---
title: "How to start an AWS Glue Crawler to refresh Athena tables using boto3"
description: "How to create and start an AWS Glue Crawler from Python code using boto3"
author: "Bartosz Mikulski"
author_bio: "Principal AI Engineer & MLOps Architect. I bridge the gap between \"it works in a notebook\" and \"it works for 200 million users.\""
author_url: https://mikulskibartosz.name
author_linkedin: https://www.linkedin.com/in/mikulskibartosz/
author_github: https://github.com/mikulskibartosz
canonical_url: https://mikulskibartosz.name/start-glue-crawler-using-boto3
---

AWS gives us a few ways to refresh the Athena table partitions. We can use the user interface, run the `MSCK REPAIR TABLE` statement using Hive, or use a Glue Crawler. This article will show you how to create a new crawler and use it to refresh an Athena table.

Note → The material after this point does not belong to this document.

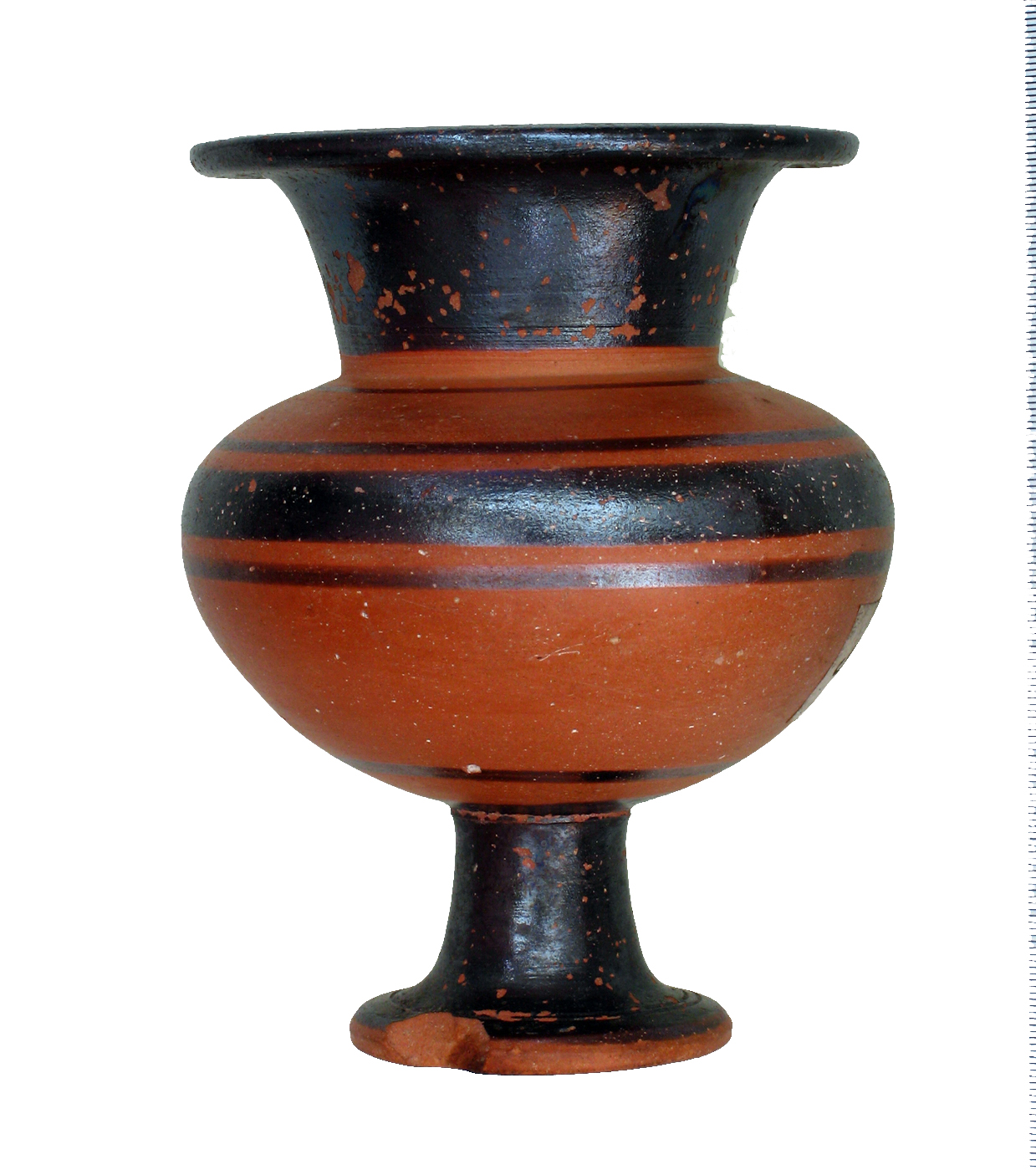 Lebete miniaturistico a vernice nera a fasce nere sulla superficie del corpo risparmiato.

First, we have to install, import `boto3`, and create a glue client

```python
import boto3

glue = boto3.client('glue', aws_access_key_id=aws_access_key_id, aws_secret_access_key=aws_secret_access_key)
```

If the crawler already exists, we can reuse it. To get the existing crawler, we have to use the `get_crawler` function. Note that, instead of returning a `null`, the function raises an `EntityNotFoundException` if there is no crawler with a given name. We will not use the instance returned by the `get_crawler` function. We call it just to check whether we should create the crawler or not.

```python
try:
    glue.get_crawler(Name=crawler_name)
except glue.exceptions.EntityNotFoundException:
    # the crawler does not exist
```

## Creating a new crawler

To create a new crawler which refreshes table partitions, we need a few information:
* the database and the name of the **existing** Athena table
* the desired behavior in case of schema changes
* the IAM role that allows the crawler to access the files in S3 and modify the Glue Data Catalog

Let's start with crawler targets. In this example, we want to refresh tables which are already defined in the Glue Data Catalog, so we are going to use the `CatalogTargets` property and leave other targets empty:

```python
table_names = [{'DatabaseName': 'schema_name', 'Tables': ['table_A', 'table_B']}]
crawler_targets = {'S3Targets': [], 'JdbcTargets': [], 'DynamoDBTargets': [], 'CatalogTargets': table_names}
```

In addition to that, we want to detect and add a new partition/column, but we don't want to remove anything automatically, so our `SchemaChangePolicy` should look like this:

```python
schema_change_policy = {'UpdateBehavior': 'UPDATE_IN_DATABASE', 'DeleteBehavior': 'LOG'}
```

We also have to instruct the crawler to use the table metadata when adding or updating the columns (so it does not change the types of the columns) and combine all partitions' schemas. It will allow us to remove a column in the future without breaking the schema (we will get nulls when the data is missing).

```python
crawler_config = '''{
    "Version":1.0,
    "CrawlerOutput":{"Partitions":{"AddOrUpdateBehavior":"InheritFromTable"}},
    "Grouping":{"TableGroupingPolicy":"CombineCompatibleSchemas"}}
    '''
```

Finally, we can create a new crawler:

```python
glue.create_crawler(Name=crawler_name,
                    Role=glue_crawler_service_role,
                    DatabaseName=database_name, Description='some description',
                    Targets=crawler_targets, Classifiers=[], TablePrefix='',
                    SchemaChangePolicy=schema_change_policy,
                    Configuration=crawler_config)
```

## Starting a crawler

Starting a crawler is trivial. All we have to do is calling the `start_crawler` function:

```python
glue.start_crawler(Name=crawler_name)
```

If the crawler is already running, we will get the `CrawlerRunningException`.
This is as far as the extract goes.